For the records below, output word for word the lines from the one with "(Disneyland, 1965) A" up to and including the one with "Description: Colt Government". No pictures.

═══ Excerpted records ═══

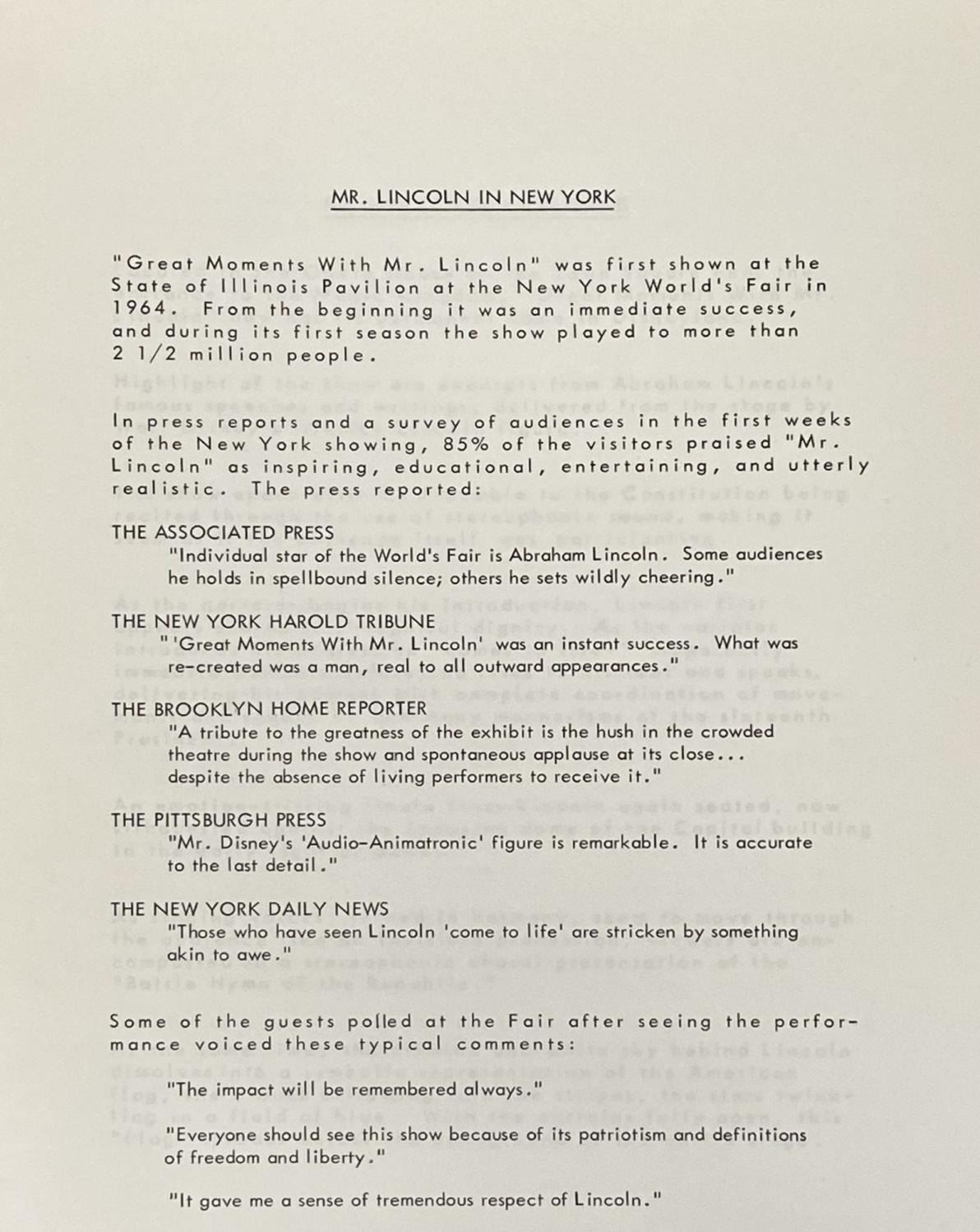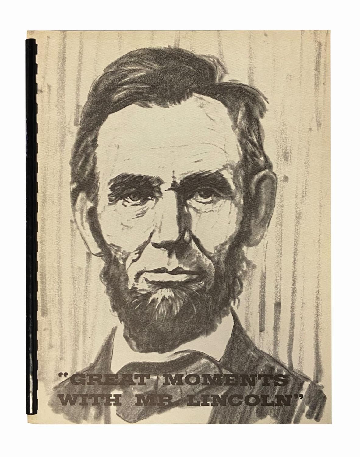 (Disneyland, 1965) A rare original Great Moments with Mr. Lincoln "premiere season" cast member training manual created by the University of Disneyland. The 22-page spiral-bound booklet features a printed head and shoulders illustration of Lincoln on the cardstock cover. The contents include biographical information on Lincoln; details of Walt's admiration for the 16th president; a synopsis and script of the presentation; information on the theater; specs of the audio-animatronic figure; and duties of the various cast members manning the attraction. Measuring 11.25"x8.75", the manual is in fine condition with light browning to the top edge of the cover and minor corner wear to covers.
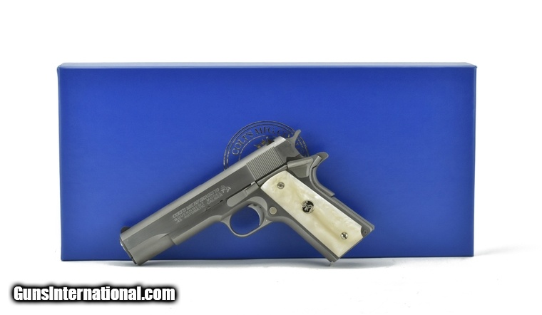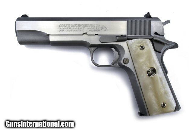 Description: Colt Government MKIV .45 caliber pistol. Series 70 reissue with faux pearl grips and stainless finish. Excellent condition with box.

═══
═══ Excerpted records ═══

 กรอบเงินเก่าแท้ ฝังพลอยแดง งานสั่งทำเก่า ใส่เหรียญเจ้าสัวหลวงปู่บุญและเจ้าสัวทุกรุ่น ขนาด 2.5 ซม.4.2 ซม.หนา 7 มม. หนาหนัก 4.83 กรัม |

═══

• Response:
 (Disneyland, 1965) A rare original Great Moments with Mr. Lincoln "premiere season" cast member training manual created by the University of Disneyland. The 22-page spiral-bound booklet features a printed head and shoulders illustration of Lincoln on the cardstock cover. The contents include biographical information on Lincoln; details of Walt's admiration for the 16th president; a synopsis and script of the presentation; information on the theater; specs of the audio-animatronic figure; and duties of the various cast members manning the attraction. Measuring 11.25"x8.75", the manual is in fine condition with light browning to the top edge of the cover and minor corner wear to covers.
 Description: Colt Government MKIV .45 caliber pistol. Series 70 reissue with faux pearl grips and stainless finish. Excellent condition with box.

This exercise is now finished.